Al-Zaidi was initially held by the prime minister's guards and was later turned over to the Iraqi army's Baghdad command. The command handed him over to the Iraqi judiciary. Hundreds took to the streets to demand his release. Al-Zaidi could have faced charges of insulting a foreign leader and the Iraqi prime minister.
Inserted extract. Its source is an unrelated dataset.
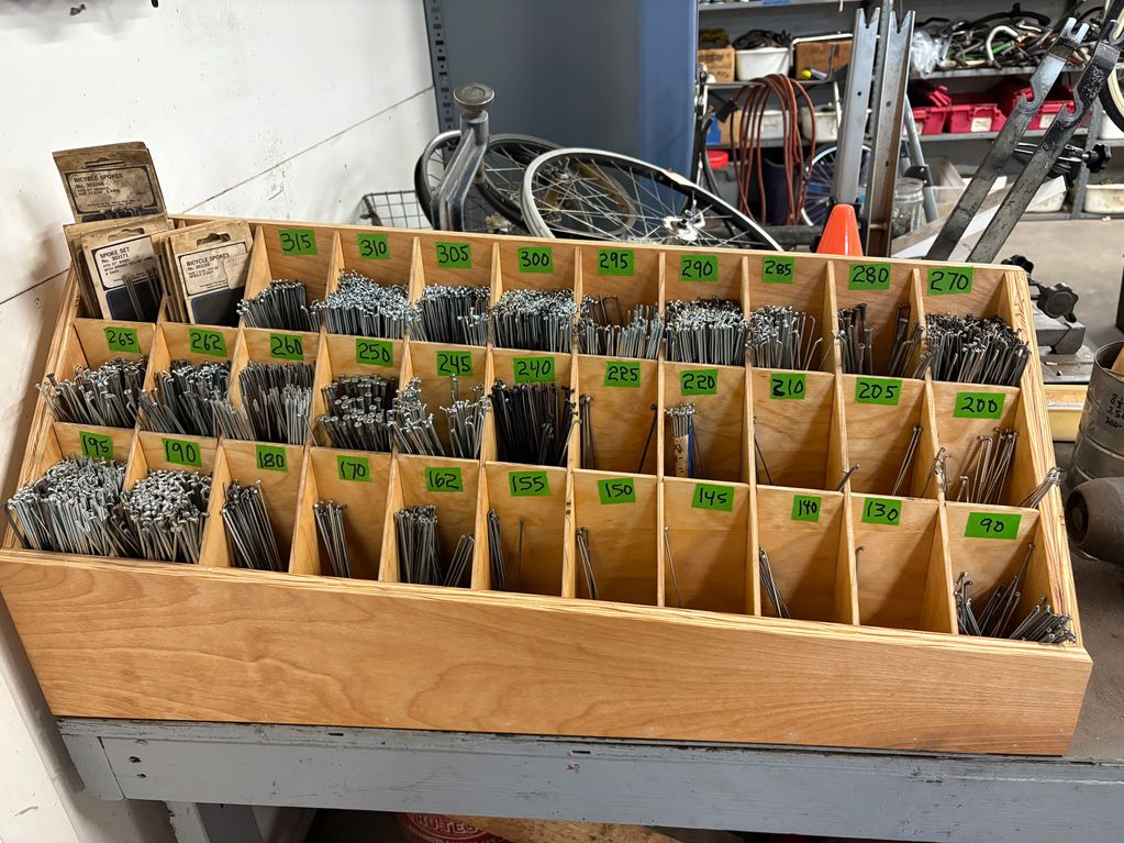 A new spoke box was designed by the Bicycle Shop and constructed by the Carpentry Shop. It should significantly reduce the time to repair wheels with broken or damaged spokes.
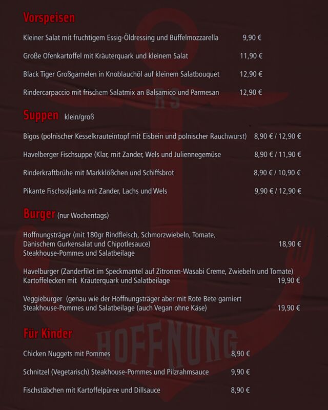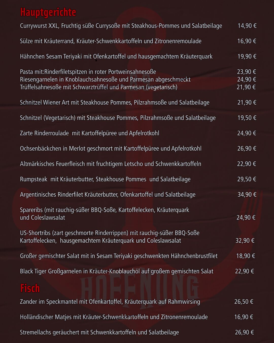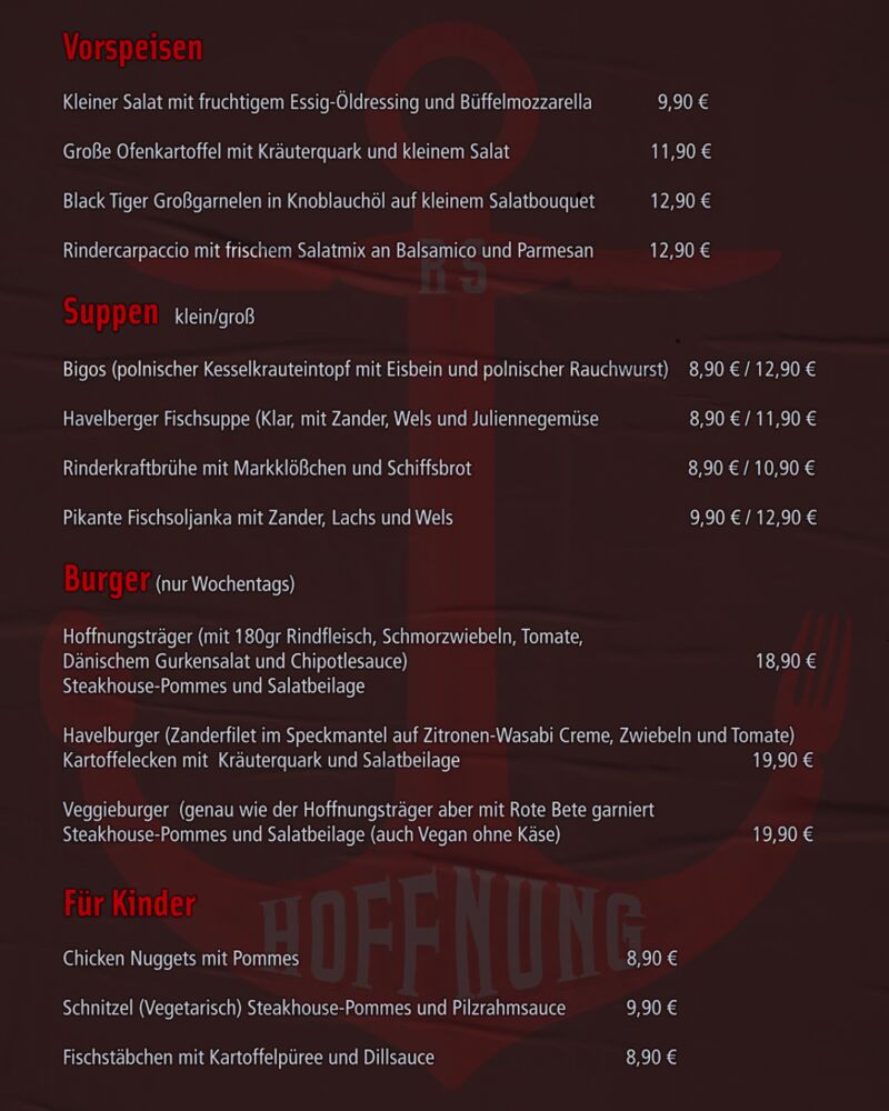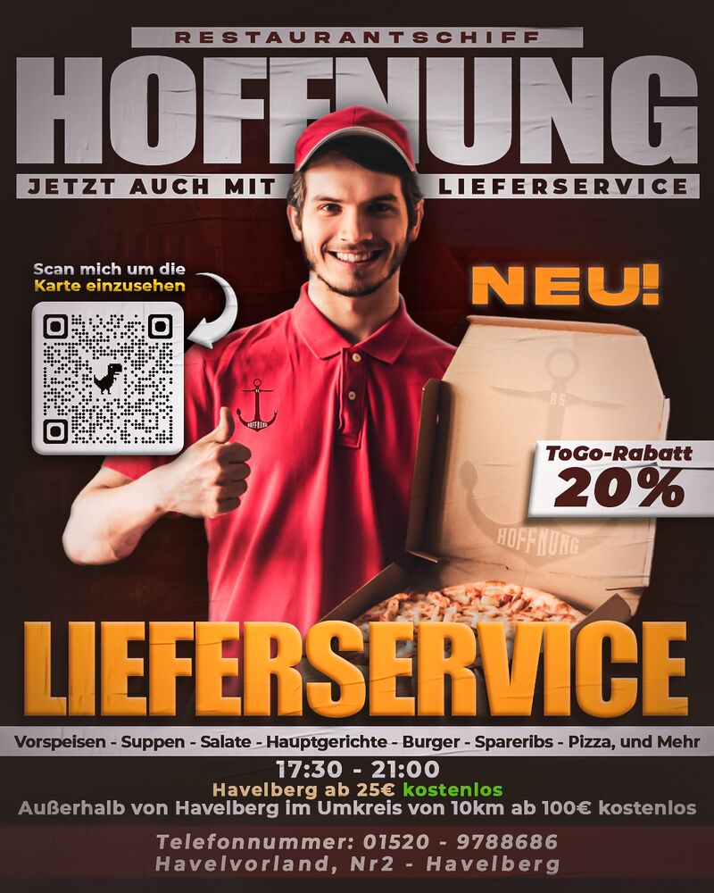 A warm welcome awaits you at Restaurantschiff Hoffnung. We're excited to be your host in Havelberg! We can't wait to welcome you to our steakhouse. Delicious dishes of american cuisine, german cuisine, international cuisine, and polish cuisine will be offered to you. Awesome dishes is served by our friendly staff. Our flavoursome food await you! Bring your friends and family and enjoy them. Make sure to try our variety of cakes and tarts, ice cream, dessert, and waffles. At our establishment, we cater to your individual dietary preferences by providing a range of halal, lactose free, and vegetarian options. Refreshing beverages are also available to complement your meal. Sit back, relax, and enjoy lunch, dinner, and afternoon tea in our exquisite establishment. We have nice live music, beer garden, darts, and music, on top of our great service.

A conviction of these charges could have carried a sentence of up to two years in prison or a small fine, although it would have been unlikely to face the maximum penalty given his newfound "cult status" in the Arab world, according to a Middle-East observer. An Iraqi lawyer stated that al-Zaidi was likely to get at least two years in prison if he were prosecuted. Al-Zaidi went before a judge on 17 December. He declined to be represented by Khalil al-Duleimi, who defended the late Iraqi leader Saddam Hussein before his execution, and also said he wanted to be represented by an Iraqi lawyer. "I will introduce myself as his lawyer and demand the case be closed and Muntader be released because he did not commit a crime," said Dheyaa al-Saadi, al-Zaidi's lawyer and head of the Iraqi Bar Association. "He only freely expressed himself to the occupier, and he has such a right according to international law." On the same day, al-Zaidi appeared privately before a judge from within the Green Zone. He was released from jail on 15 September 2009, after serving nine months in prison. He said that he would release the names of those who he said had tortured him, including senior officials in the government and the army. In an interview with Reuters in 2023, al-Zaidi stated that he had never regretted throwing his shoes at President Bush.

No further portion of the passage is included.